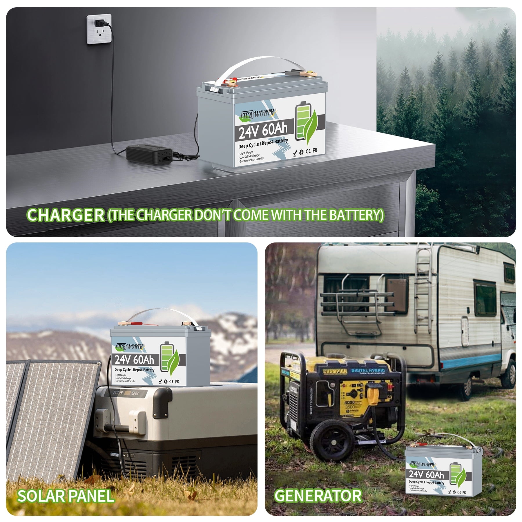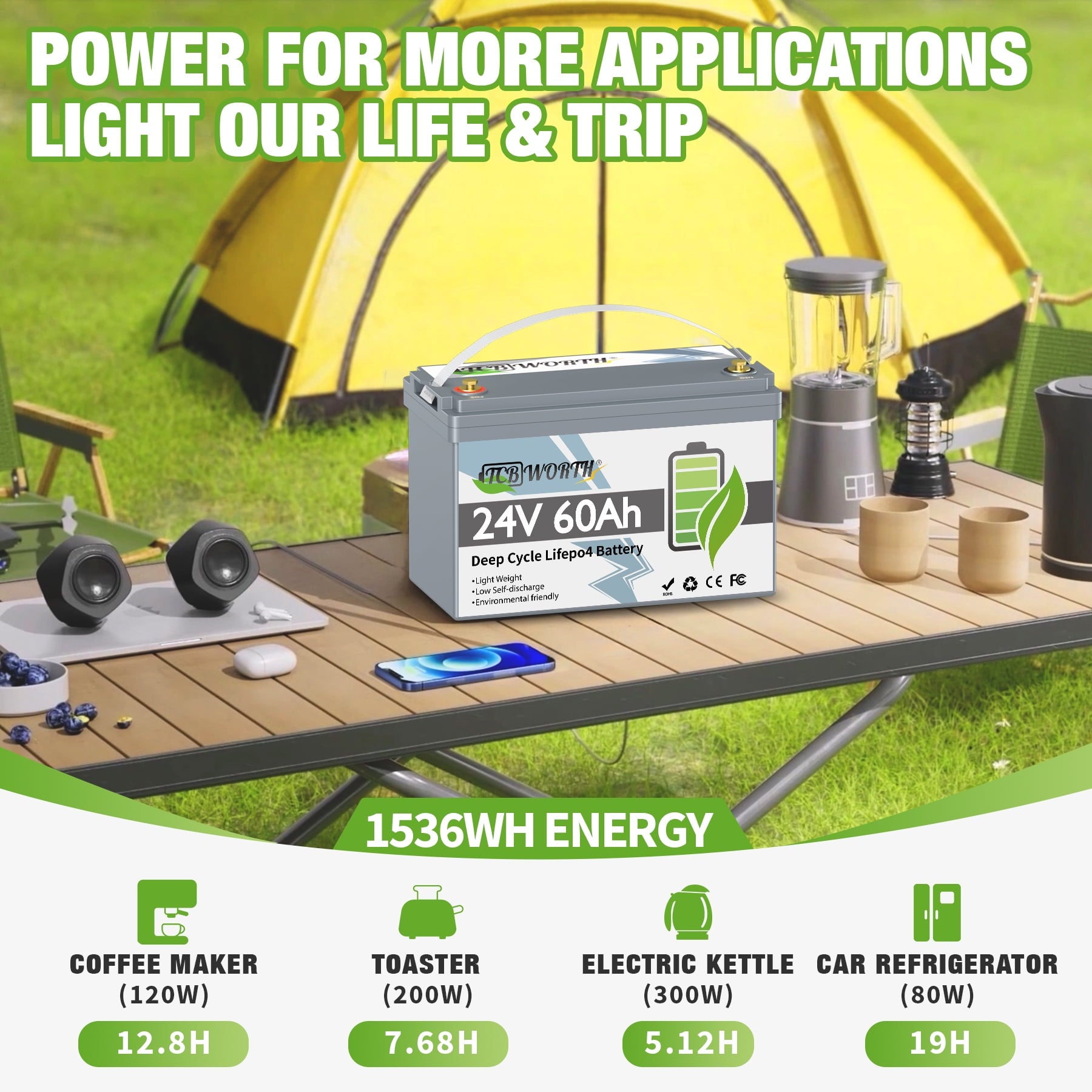 • 【Automotive Grade A LiFePO4 Battery Cells】TCBWORTH adopt Automotive Grade A Lithium iron phosphate battery Cells with higher energy density, more stable performance & greater power, and insist on providing customer with environmentally friendly green power solution.
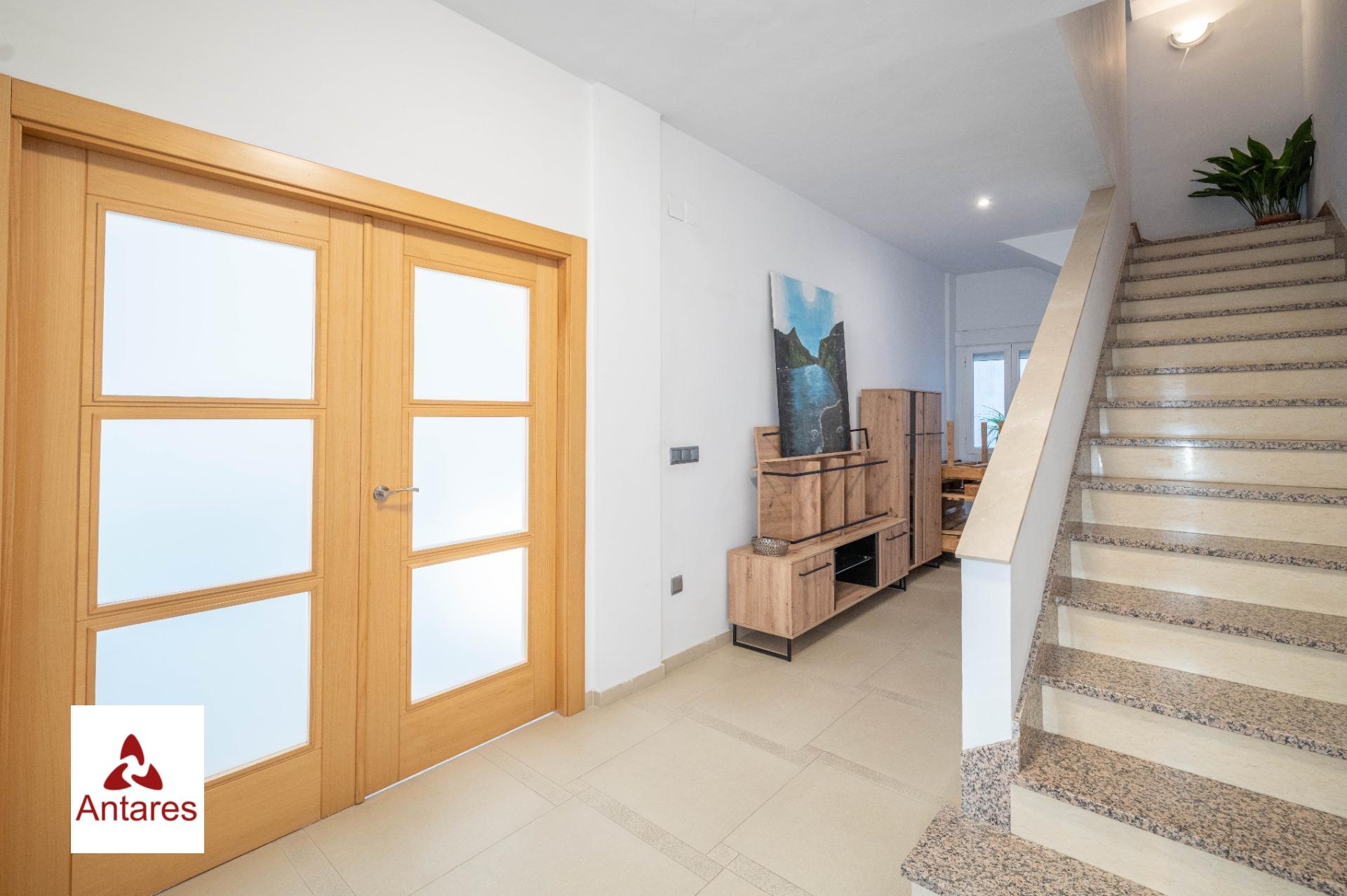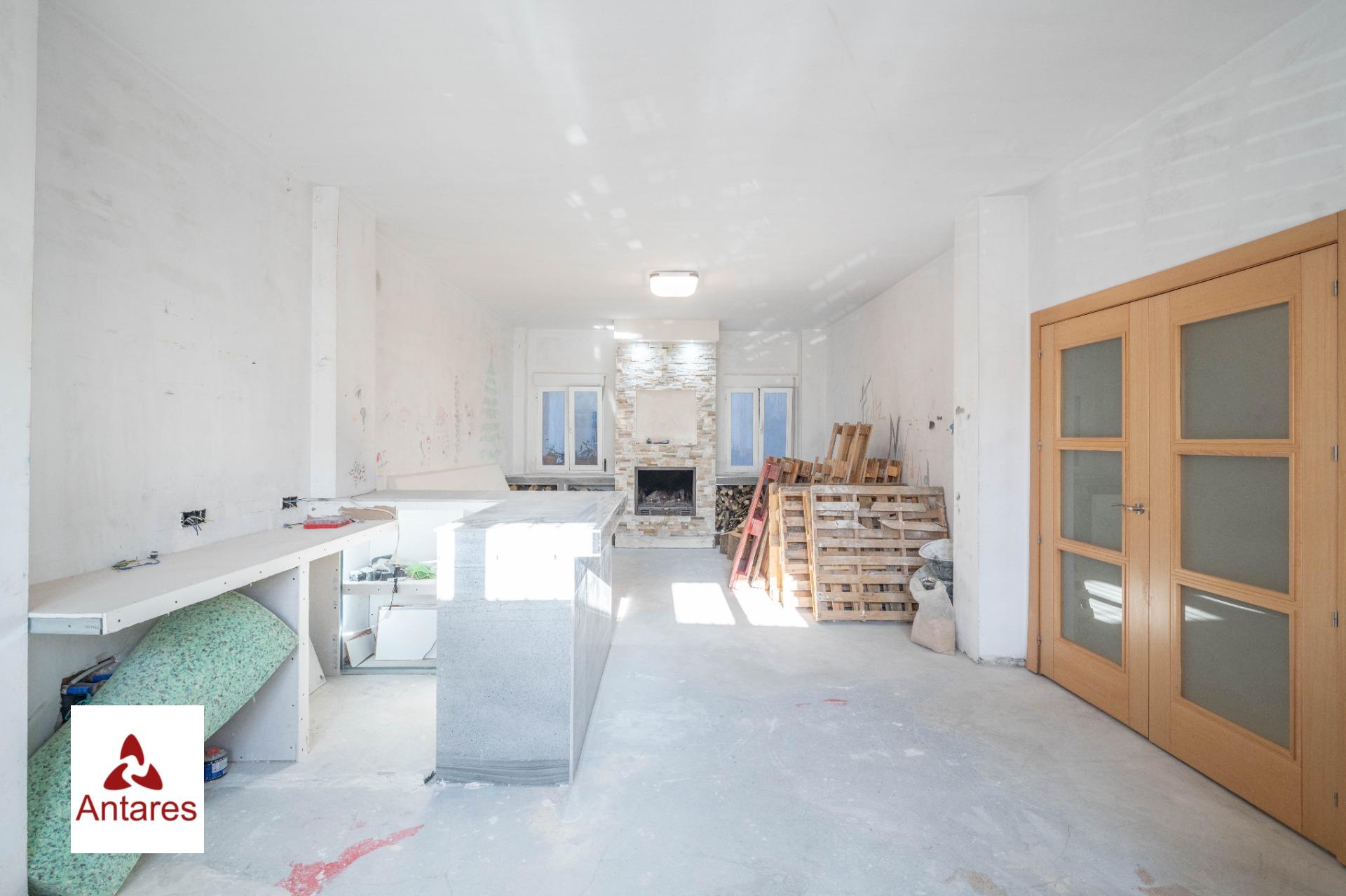 Planta baja con zona de garaje equipada con puerta motorizada, amplio salón con chimenea y barra de obra ideal para reuniones familiares, habitación trastero, cuarto de baño con instalación terminada, únicamente a falta de alicatar y montar sanitarios y amplio patio trasero con habitación acristalada.
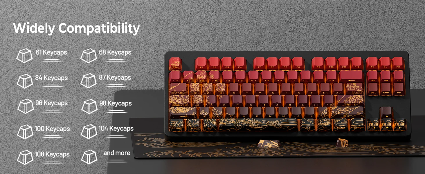 La mayoría de los teclados mecánicos ANSI US con diseño 61/64/68/84/87/96/98/100/104/108 teclas
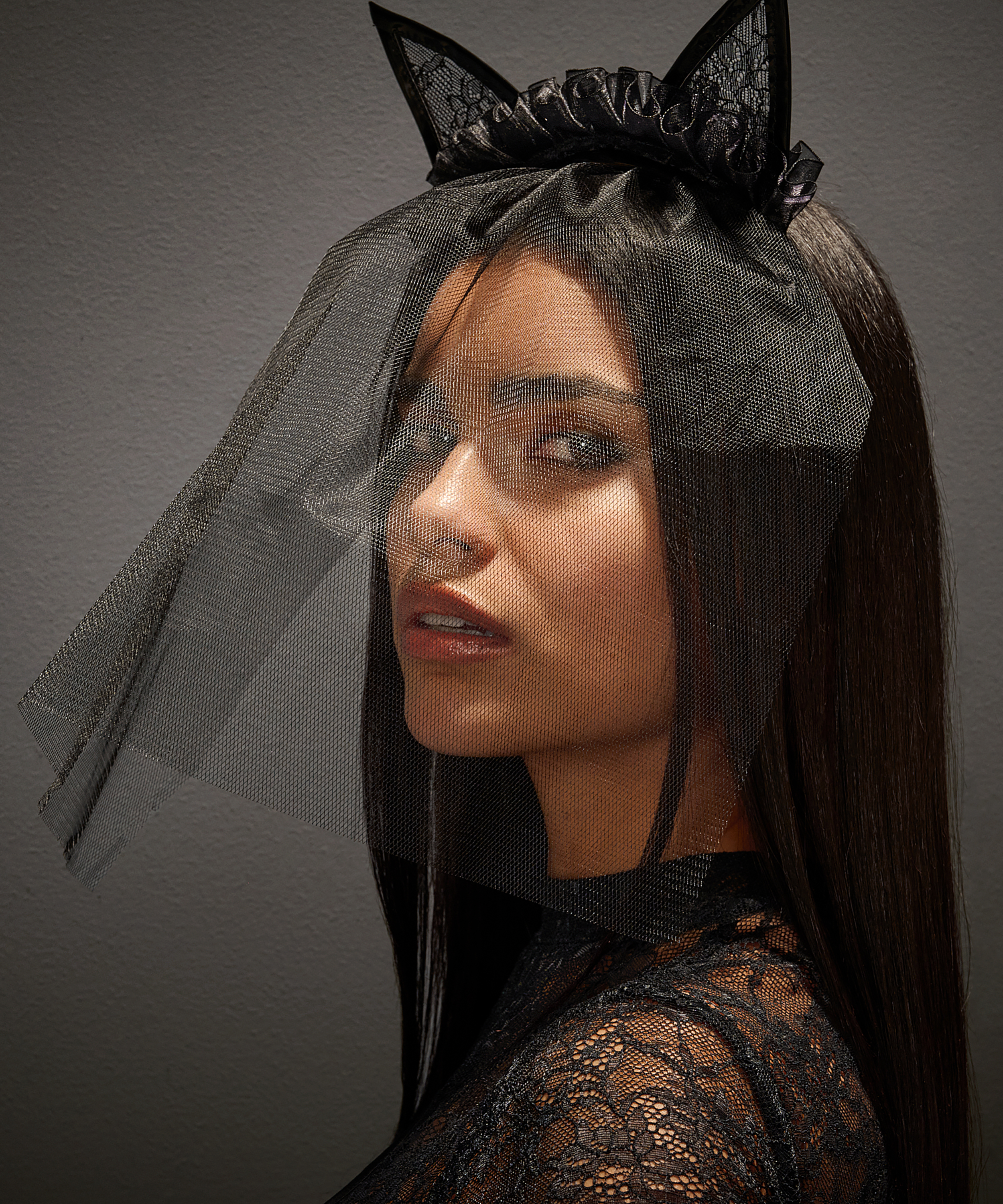 Vill du hetta upp saker och ting? Testa denna sexiga katt-dräkt! Med ett spetshårband med kattöron, en meshslöja och en sele med band Del av Private-kollektionen.
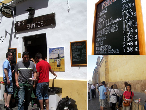 コルドバの最大の観光スポットであるメスキータから出て左に歩いて行くと行列の店BAR SANTOSが目に入る。ロンプラでも紹介されているこの店の自慢はトルティージャだそうだ。カウンターだけの狭い店内は3人で満席。だから皆、店の外のメスキータの外壁縁に座って食べることになる。世界遺産でトルティージャ。これコルドバで最高の組み合わせ。ついでにコルドバ名物サルモレッホSalmorejoも注文。
########
→ Exercise directions
Set down every entry word for word, but omit the pictures.

→ Reply
 • 【Automotive Grade A LiFePO4 Battery Cells】TCBWORTH adopt Automotive Grade A Lithium iron phosphate battery Cells with higher energy density, more stable performance & greater power, and insist on providing customer with environmentally friendly green power solution.
 Planta baja con zona de garaje equipada con puerta motorizada, amplio salón con chimenea y barra de obra ideal para reuniones familiares, habitación trastero, cuarto de baño con instalación terminada, únicamente a falta de alicatar y montar sanitarios y amplio patio trasero con habitación acristalada.
 La mayoría de los teclados mecánicos ANSI US con diseño 61/64/68/84/87/96/98/100/104/108 teclas
 Vill du hetta upp saker och ting? Testa denna sexiga katt-dräkt! Med ett spetshårband med kattöron, en meshslöja och en sele med band Del av Private-kollektionen.
 コルドバの最大の観光スポットであるメスキータから出て左に歩いて行くと行列の店BAR SANTOSが目に入る。ロンプラでも紹介されているこの店の自慢はトルティージャだそうだ。カウンターだけの狭い店内は3人で満席。だから皆、店の外のメスキータの外壁縁に座って食べることになる。世界遺産でトルティージャ。これコルドバで最高の組み合わせ。ついでにコルドバ名物サルモレッホSalmorejoも注文。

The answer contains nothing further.